>>
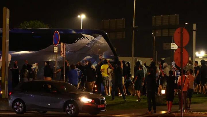 球队在抵达卡尔内罗机场后,没有从机场常规的到达口离开,而是从VIP通道离开,这是一个单独且禁止公众进入的区域。
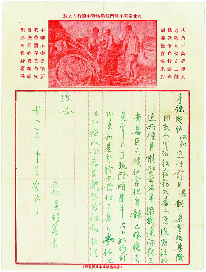 在一封1932年10月5日菲律宾吴修篇寄给晋江吴身铙批信的信笺上,印有“东北奉天小西门寇兵检查中国行人之状”图案和油诗文字:“扶桑三岛等弹丸,地狭人稠立足难,为达争存行剥夺,伺机猎食择肥胖”“中华不幸当卫要,我辈图存莫苟安,自决同心营国产,无形可致野鹰残”。在当时特定时代背景下,该笺的使用和流通,发挥了警示、宣传抗日的积极作用。
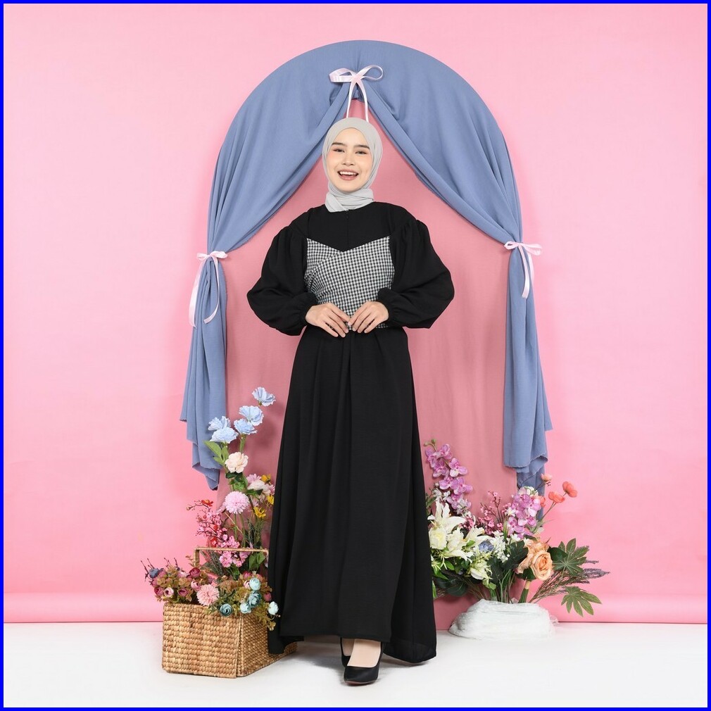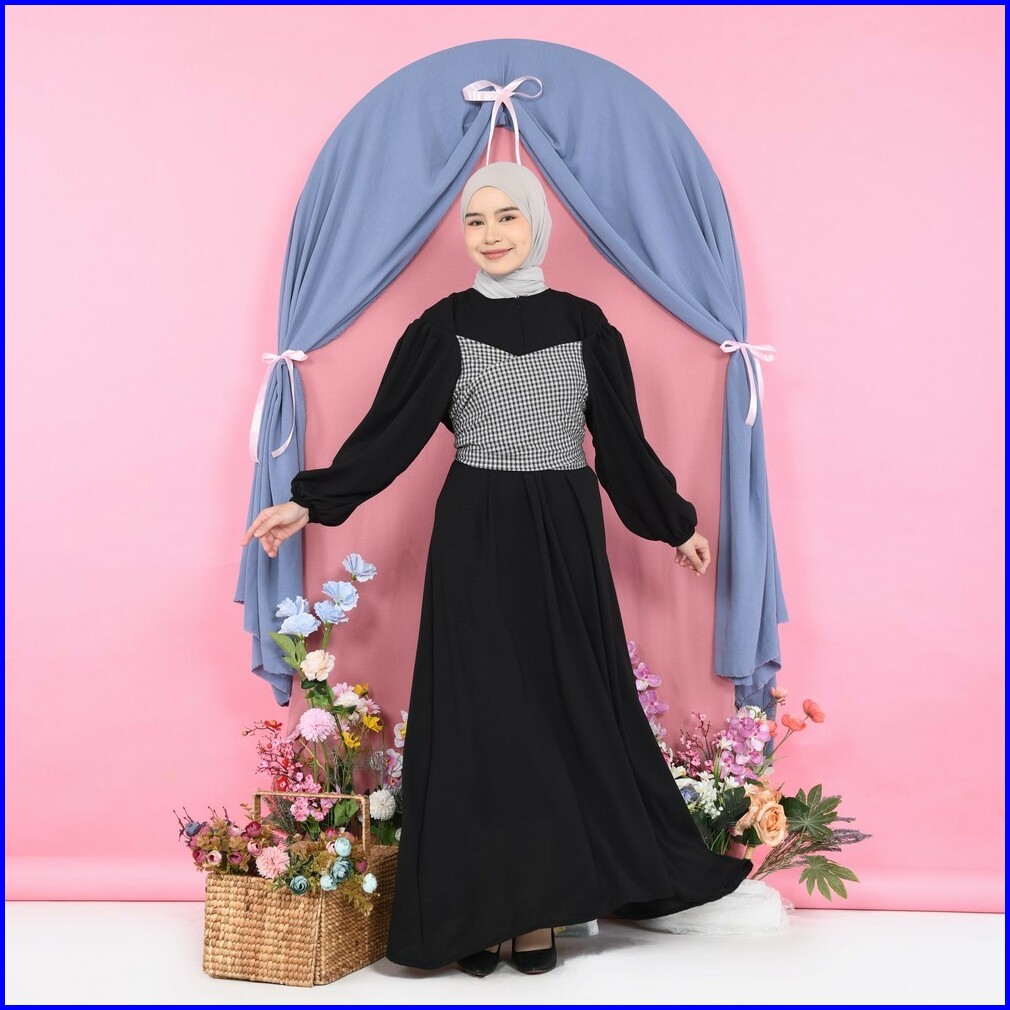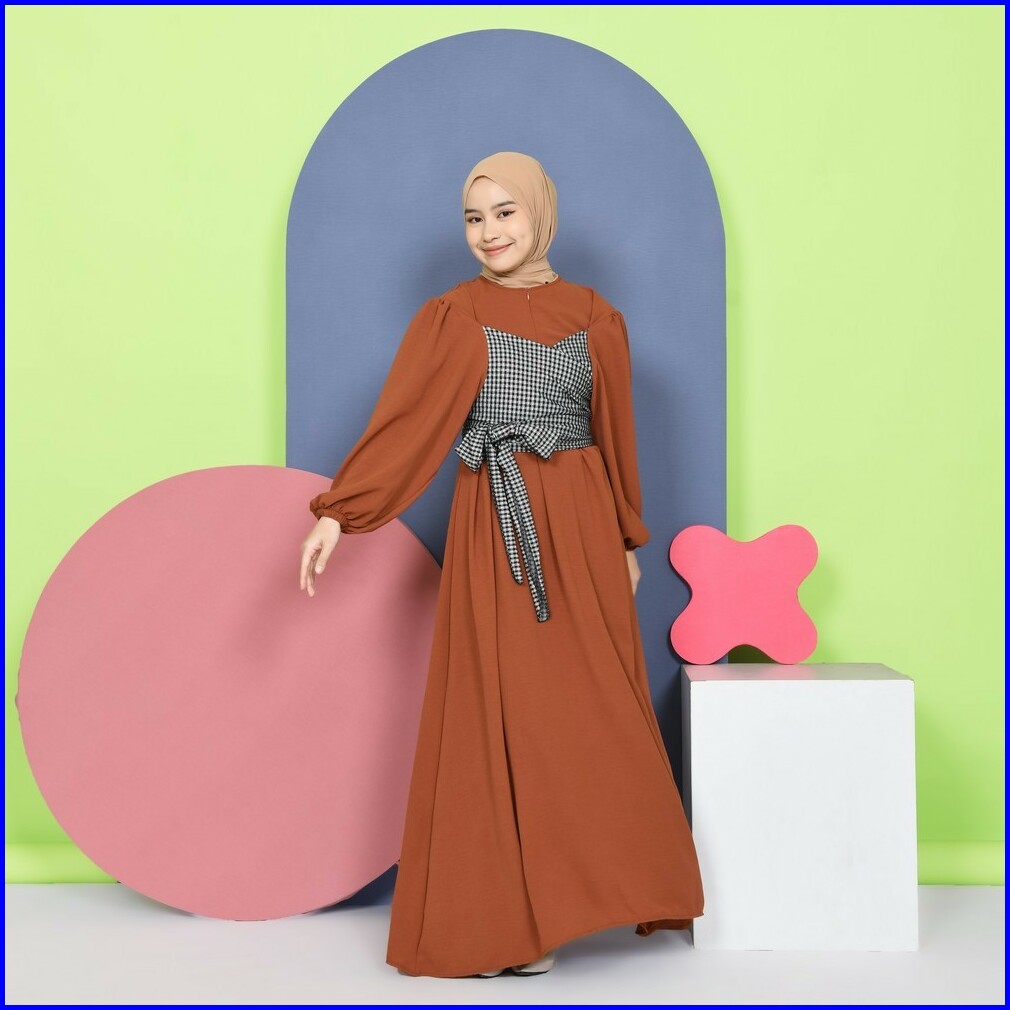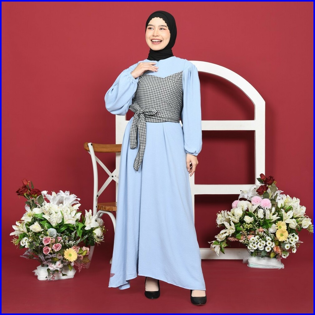 Mybamus Jane Maxidress Dress Lengan Panjang Kerut Dress Tali Pinggang Gamis Lebaran 2025
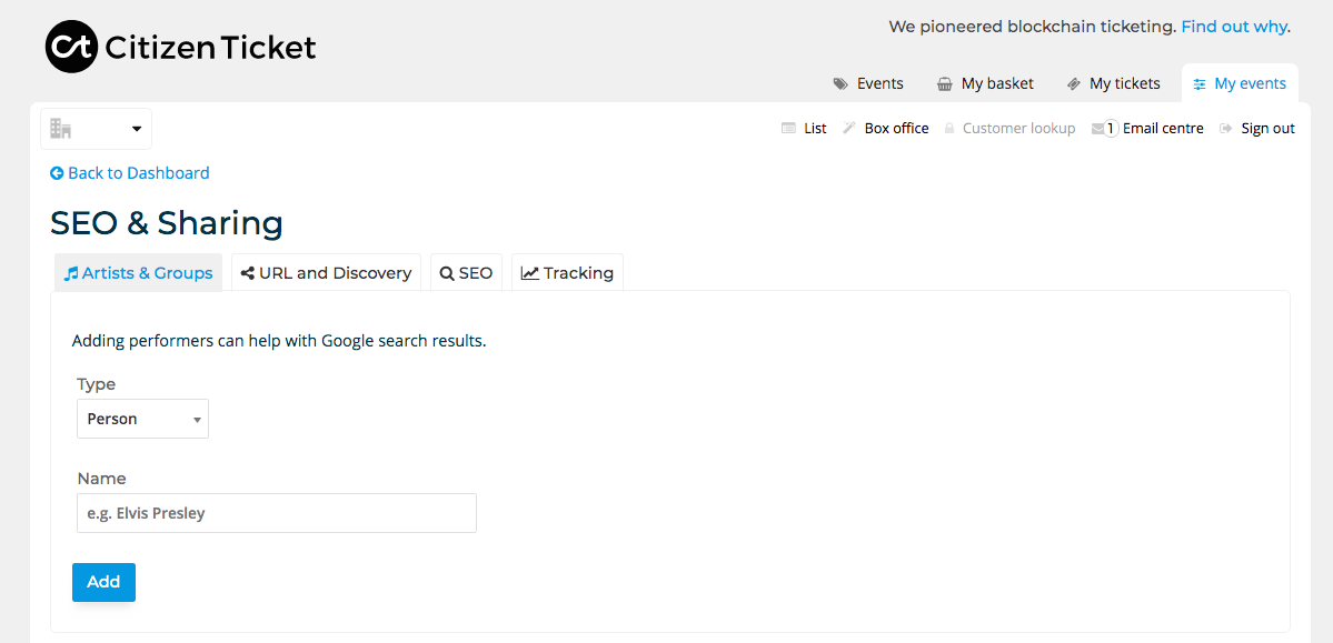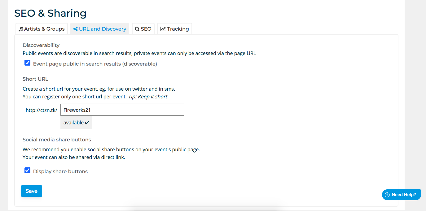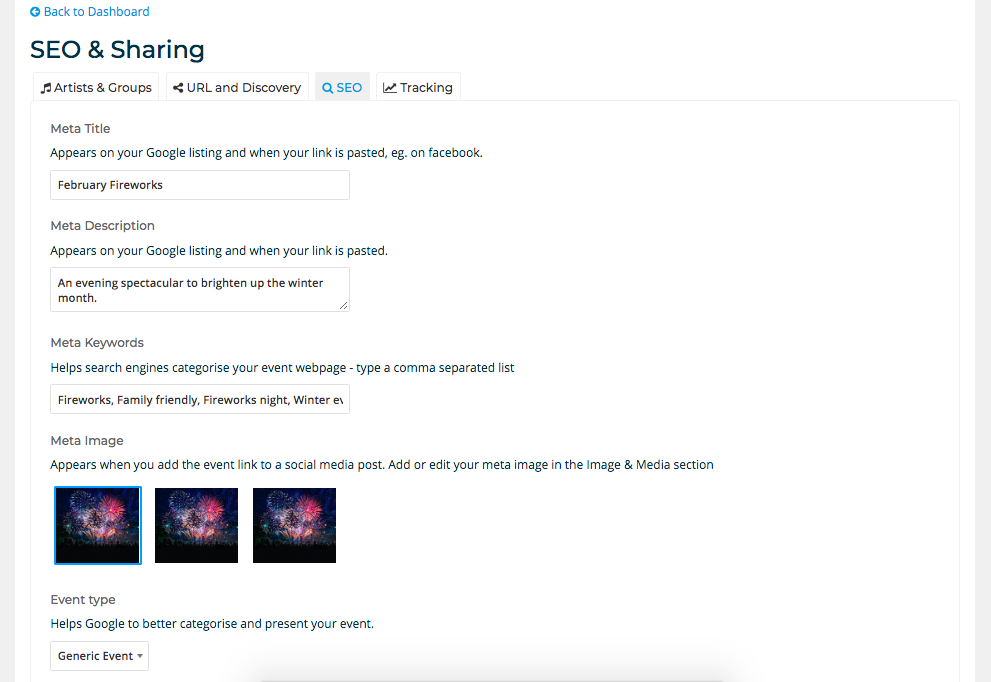 You want your event to be a success and so do we! So it's important to think about your Marketing and who you would like to reach. So we've built in Search Engine Optimising (SEO) and sharing tools into your Event dashboard > Marketing > SEO & Sharing.
<<
** How to complete this task **
Output the listing word for word. Drop the pictures.

** Output of the exercise **
 球队在抵达卡尔内罗机场后,没有从机场常规的到达口离开,而是从VIP通道离开,这是一个单独且禁止公众进入的区域。
 在一封1932年10月5日菲律宾吴修篇寄给晋江吴身铙批信的信笺上,印有“东北奉天小西门寇兵检查中国行人之状”图案和油诗文字:“扶桑三岛等弹丸,地狭人稠立足难,为达争存行剥夺,伺机猎食择肥胖”“中华不幸当卫要,我辈图存莫苟安,自决同心营国产,无形可致野鹰残”。在当时特定时代背景下,该笺的使用和流通,发挥了警示、宣传抗日的积极作用。
 Mybamus Jane Maxidress Dress Lengan Panjang Kerut Dress Tali Pinggang Gamis Lebaran 2025
 You want your event to be a success and so do we! So it's important to think about your Marketing and who you would like to reach. So we've built in Search Engine Optimising (SEO) and sharing tools into your Event dashboard > Marketing > SEO & Sharing.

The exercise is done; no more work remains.